Sporun ekonomi politiği ile sosyal politiği koşut.    

Sosyalizmde spor halka aittir, bireysel ve toplumsal yaşamın ayrılmaz bütünleyicisidir, gereklidir. Halkın olan spor, devrimci işlevi nedeniyle tüm alanlarda ulusal sporun gelişmesini de etkiler. 

Sosyalizmde sporu “amatör” diye küçümseyenler bu devrimci işlev ve etkiden, yaratıcı olanaklardan korktular hep. Sporcuları ve kulüpleri parasal büyüklükle karşılaştırırken de aynı küçümsemeyi yansıttılar.
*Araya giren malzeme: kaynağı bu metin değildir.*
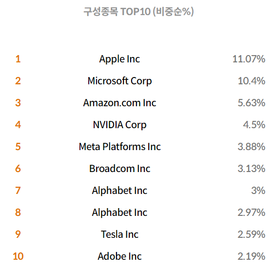 해당 ETF에서 비중이 제일 높은 순위별 비중이 위 그림과 같습니다. 상위 10개주으이 비중이 대략 50%의 비중을 차지할 정도로 해당 나스닥 지수에서는 큰 비중을 차지 합니다. 애플과 마이크로소프트, 아마존, 엔비디아, 메타, 브로드컴, 알파벳, 테슬라, 어도비 순위로 시가총액 1~10등까지의 순위를 차지하고 있습니다. 상위 10개의 주식에서 지수의 50%를 담담하고 있으니 10개의 주식들이 휘청이면 주가지수로 휘청일 수 있다는 증거입니다. 또한 그만큼 해당 주식들의 쏠림 현상이 심하여 버블의 요소도 존재할 수 있습니다.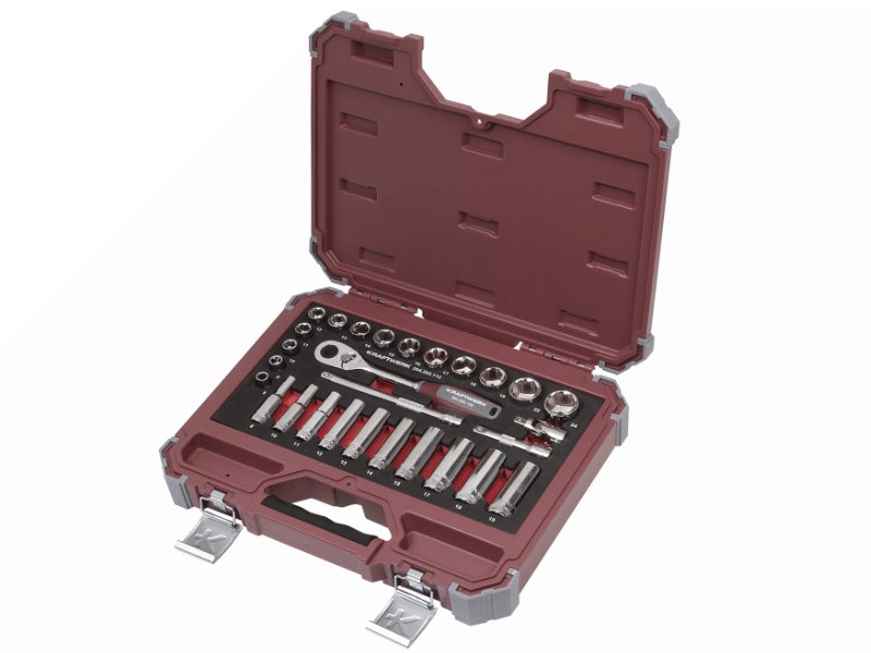 - 28-dílná gola souprava pro všestranné použití - 3/8" ráčna 72 zubů - 3/8" nástavce: 8 - 24mm - 3/8" nástavce prodloužené: 8 - 19mm - 3/8" prodloužení 75 - 150mm - 3/8" kardan - vyrobeno z vysoce kvalitní chromvanadiové oceli - uloženo ve speciální pěnové EVA vložce s vysokou hustotou pěny - v pevném plastovém obalu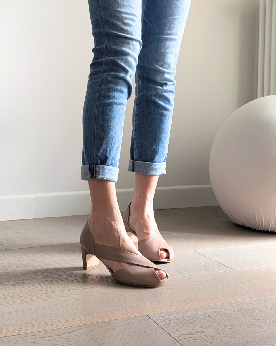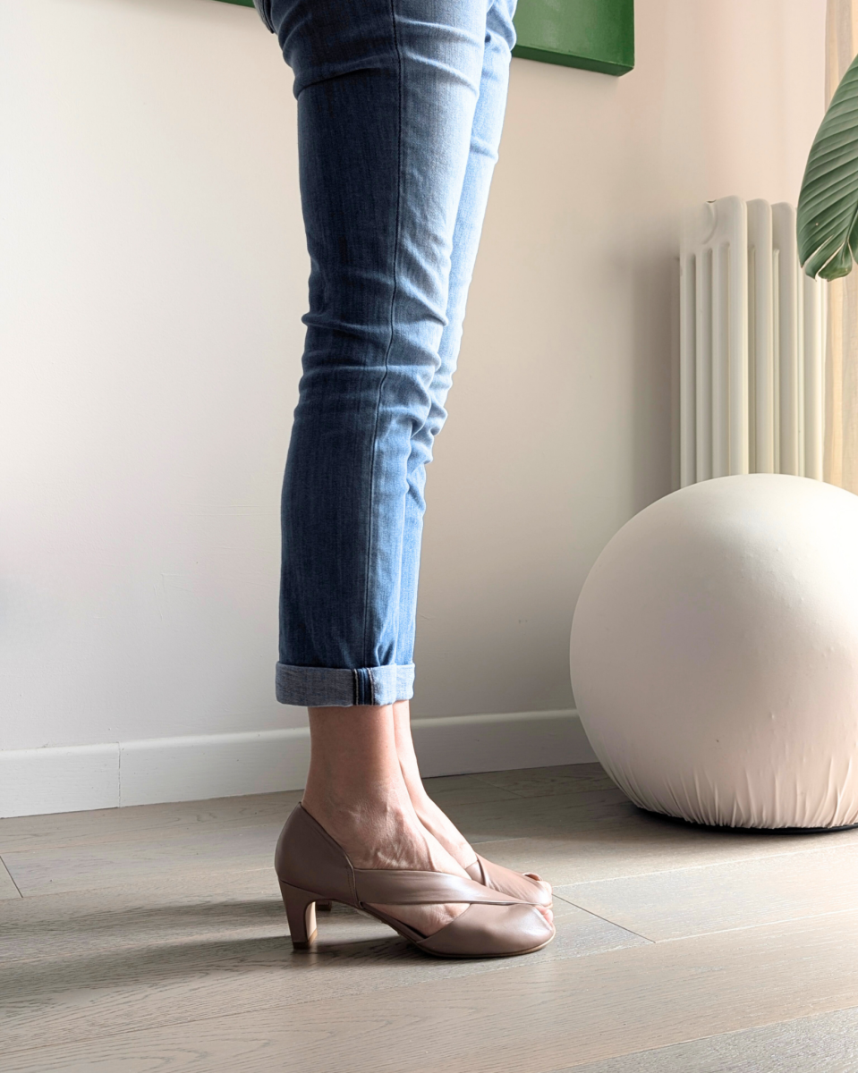 Décolleté asimmetrico con la punta aperta e una silhouette retrò, Diana è un modello a punta larga realizzata artigianalmente a mano a Porto Sant’Elpidio (Fermo – Marche) in nappa nude, per una eleganza d’altri tempi.

Bir de “zenginler için spor” başlığı açtılar.

Sosyalizmde spor okullarda başlar, fabrikalarda, çiftliklerde, mahallelerde tüm işyerlerinde, dinlenme zamanlarında ve emeklilikte devam eder; maddi/manevi sağlıklı bedeni ve bedensel yetenekleri, ahlak ve disiplini, yaşam koşullarını geliştirir. Spor emekçileri bu kitlesel spor yapan toplumsal yaşam içinden yeteneklerini geliştirerek çıkar, mesleklerini de yapmaya devam eder. 

Sosyalizmde spor “milyonerler için” değil, “milyonlar için”dir; egemen sermaye sınıfının sömürücü siyasetinin değil sömürüsüz toplum siyasetinin parçasıdır. 

Kamucu politikalar spor ve sorunları için de gereklidir.